What are some of the major findings with brain waves and genetic factors from the COGA study?

  • Significant linkage for EEG fast brain waves and GABRA2 on chromosome 4 also associated with AUD and related disorders was found (Porjesz et al., 2002; Edenberg et al., 2004).
  • Significant linkage and association with GABRA2 and interhemispheric theta coherence, which refers to synchronized brain activity between brain regions in slow waves (3-7 Hz) was also reported (Porjesz and Rangaswamy, 2007; Rangaswamy and Porjesz, 2008).

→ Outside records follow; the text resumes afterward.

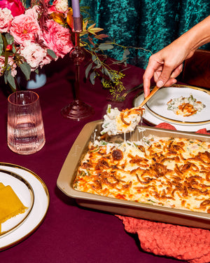 I still like my creamy version better, but I am coming around to Johnny’s casserole-style mac 'n' cheese, which doesn’t require you to make a separate sauce and may—aren’t I kind?—just sit a little better on a buffet. It has a cheesy crust that gives you that good, good cheese pull, too.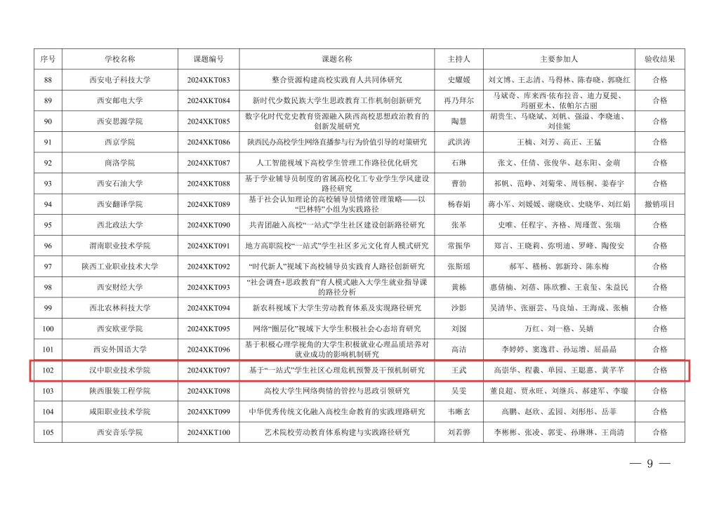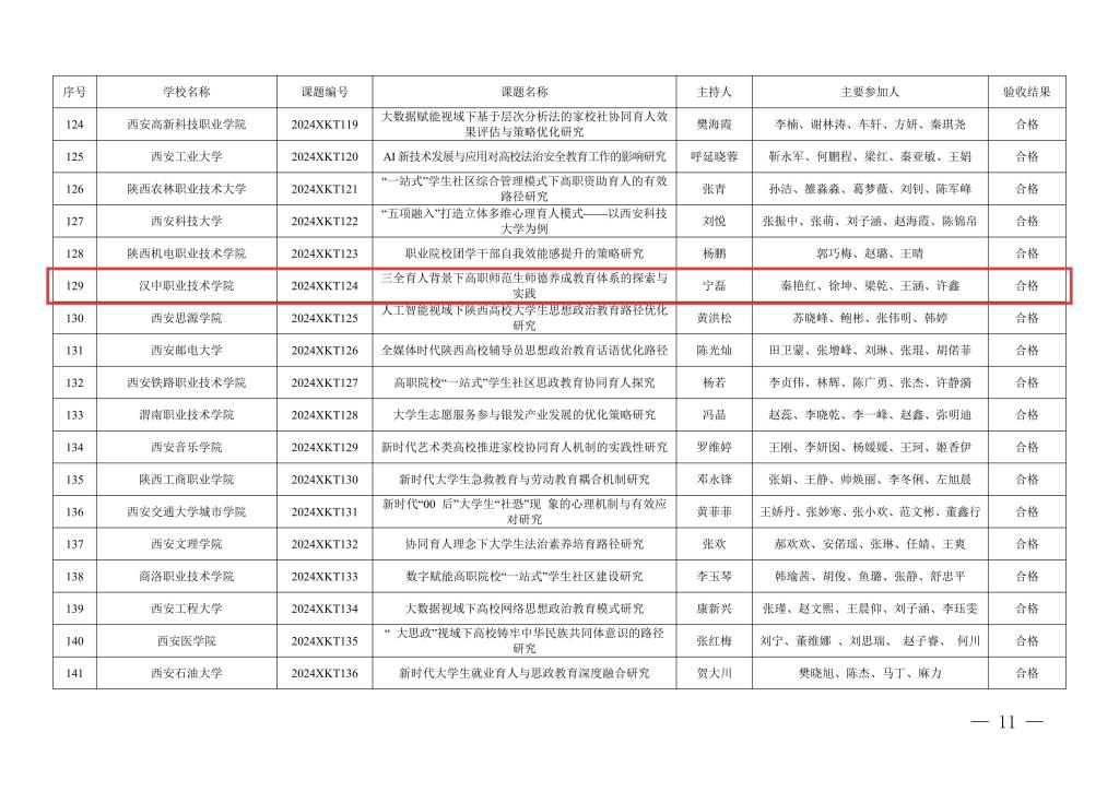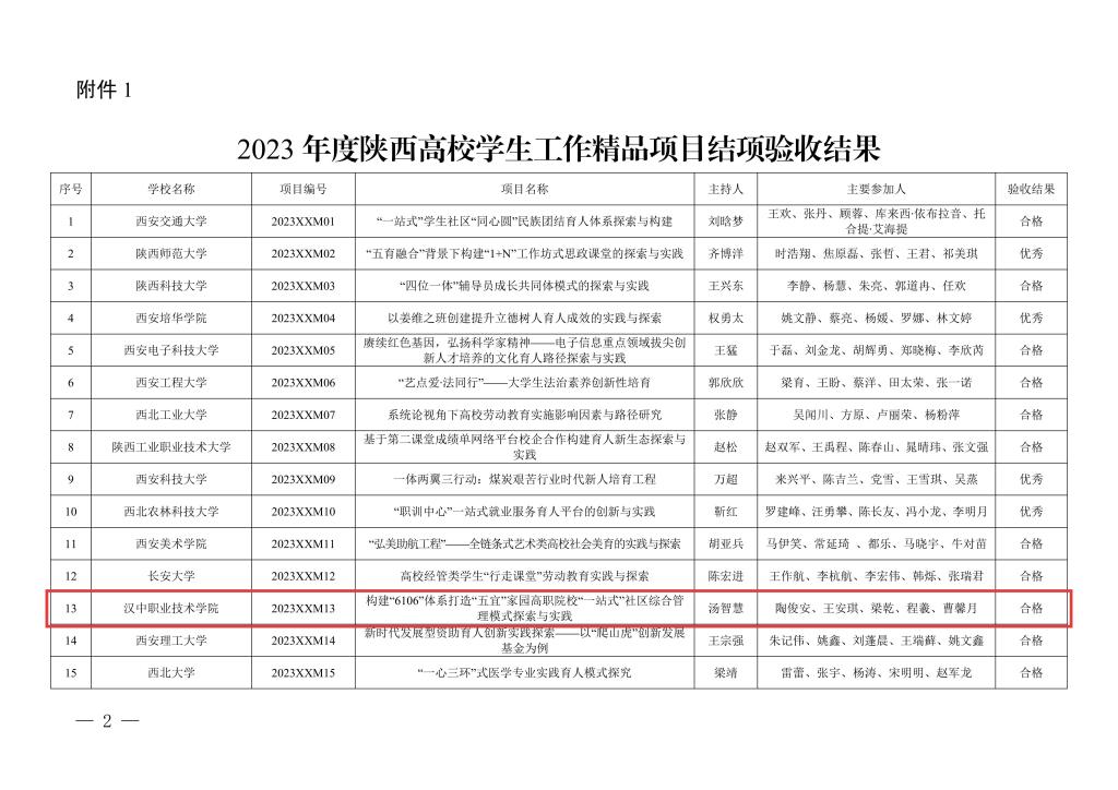学院相关负责同志表示,此次省级精品项目和研究课题的顺利结项(题),是陕西省委教育工委对汉中职院学生工作质量与科研能力的充分肯定,也是学院长期以来高度重视学生工作、不断加强队伍建设、持续深化育人内涵的集中体现。这些成果的取得,不仅凝聚了项目团队的智慧与汗水,也为学院进一步创新学生工作思路、改进工作方法、优化体制机制奠定了坚实基础。下一步,学院将继续坚持“以生为本”的工作理念,加大对学生工作实践与科学研究的支持力度,促进优秀成果的转化与应用,推动“三全育人”工作不断走深走实,助力学院各项事业高质量发展。(学工部 梁乾)编辑/郑韵千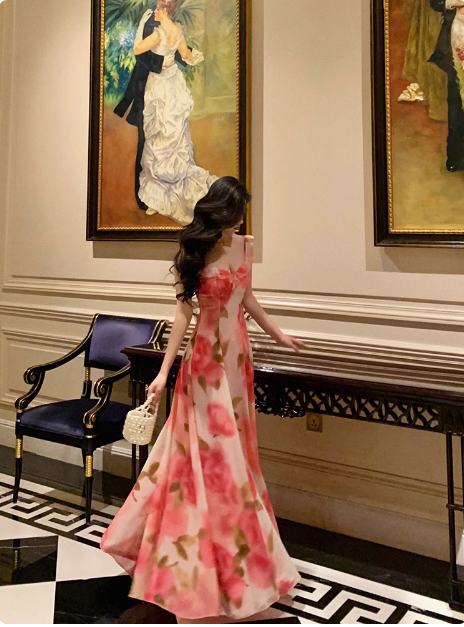 Classy A line Spaghetti Straps Pink Floral Sleeveless 18th Birthday Dress Party Gown Birthday Outfits Birthday Dress Ideas For Women HZ1214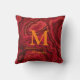 A modern red Marble and Orange Script Throw Pillow with a personalised Monogram and Name. Just click on "Personalise this template" to change the Monogram and Name.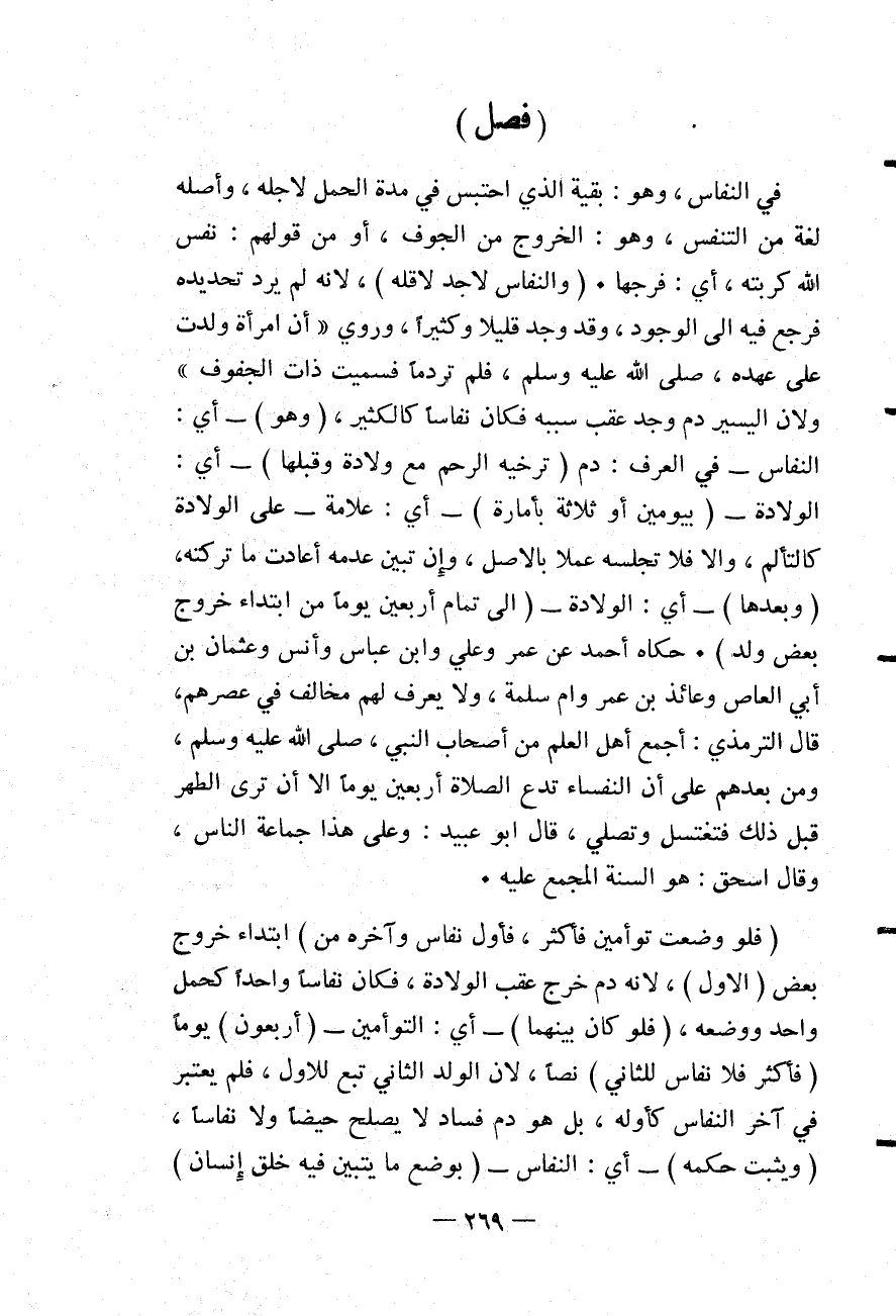 (فَصْلٌ) فِي النِّفَاسِ، وَهُوَ: بَقِيَّةُ الَّذِي احْتَبَسَ فِي مُدَّةِ الْحَمْلِ لِأَجْلِهِ، وَأَصْلُهُ لُغَةً مِنْ التَّنَفُّسِ، وَهُوَ: الْخُرُوجُ مِنْ الْجَوْفِ، أَوْ مِنْ قَوْلِهِمْ: نَفَّسَ اللَّهُ كُرْبَتَهُ، أَيْ: فَرَّجَهَا. (وَالنِّفَاسُ لَا حَدَّ لِأَقَلِّهِ) ؛ لِأَنَّهُ لَمْ يَرِدْ تَحْدِيدُهُ فَرُجِعَ فِيهِ إلَى الْوُجُودِ، وَقَدْ وُجِدَ قَلِيلًا وَكَثِيرًا، وَرُوِيَ «أَنَّ امْرَأَةً وَلَدَتْ عَلَى عَهْدِهِ - صَلَّى اللَّهُ عَلَيْهِ وَسَلَّمَ - فَلَمْ تَرَ دَمًا فَسُمِّيَتْ ذَاتَ الْجُفُوفِ» وَلِأَنَّ الْيَسِيرَ دَمٌ وُجِدَ عَقِبَ سَبَبِهِ فَكَانَ نِفَاسًا كَالْكَثِيرِ (وَهُوَ) - أَيْ: النِّفَاسُ - فِي الْعُرْفِ: دَمٌ (تُرْخِيهِ الرَّحِمُ مَعَ وِلَادَةٍ وَقَبْلَهَا) - أَيْ: الْوِلَادَةِ - (بِيَوْمَيْنِ أَوْ ثَلَاثَةٍ بِأَمَارَةٍ) - أَيْ: عَلَامَةٍ - عَلَى الْوِلَادَةِ كَالتَّأَلُّمِ، وَإِلَّا فَلَا تَجْلِسُهُ عَمَلًا بِالْأَصْلِ، وَإِنْ تَبَيَّنَ عَدَمُهُ أَعَادَتْ مَا تَرَكَتْهُ، (وَبَعْدَهَا) - أَيْ: الْوِلَادَةِ - (إلَى تَمَامِ أَرْبَعِينَ يَوْمًا مِنْ ابْتِدَاءِ خُرُوجِ بَعْضِ وَلَدٍ) . حَكَاهُ أَحْمَدُ عَنْ عُمَرَ وَعَلِيٍّ وَابْنِ عَبَّاسٍ وَأَنَسٍ وَعُثْمَانَ بْنِ أَبِي الْعَاصِ وَعَائِذِ بْنِ عَمْرٍو وَأُمِّ سَلَمَةَ، وَلَا يُعْرَفُ لَهُ مُخَالِفٌ فِي عَصْرِهِمْ.

  • We also reported significant linkage between the theta and delta (1-3 Hz) oscillations underlying P300 to target images and CHRM2 on chromosome 7, which we found is also associated with AUD and related disorders (Porjesz and Rangaswamy, 2007; Rangaswamy and Porjesz, 2008).
  • A genome-wide association study (GWAS) of brain functioning measured by theta wave activity during a target-detection task identified the role of genetic variants in KCNJ6 gene on chromosome 21 (Kang et al., 2012).
  • Another GWAS study by COGA identified the role of genetic variants on chromosome 3 in regulating fast beta waves and alcohol use behavior (Meyers et al., 2017).
  • A recent GWAS study identified genetic variants on chromosome 18 that were involved in regulating neural communication (theta wave connectivity) and alcohol use behavior, potentially via dysregulated myelination (Meyers et al., 2020).
  • Using polygenic risk scores (PRS), genetic risk factors in the cholinergic system were found to influence brain development of brain wave patterns and neural communication during adolescence and young adulthood (Meyers et al., 2019b).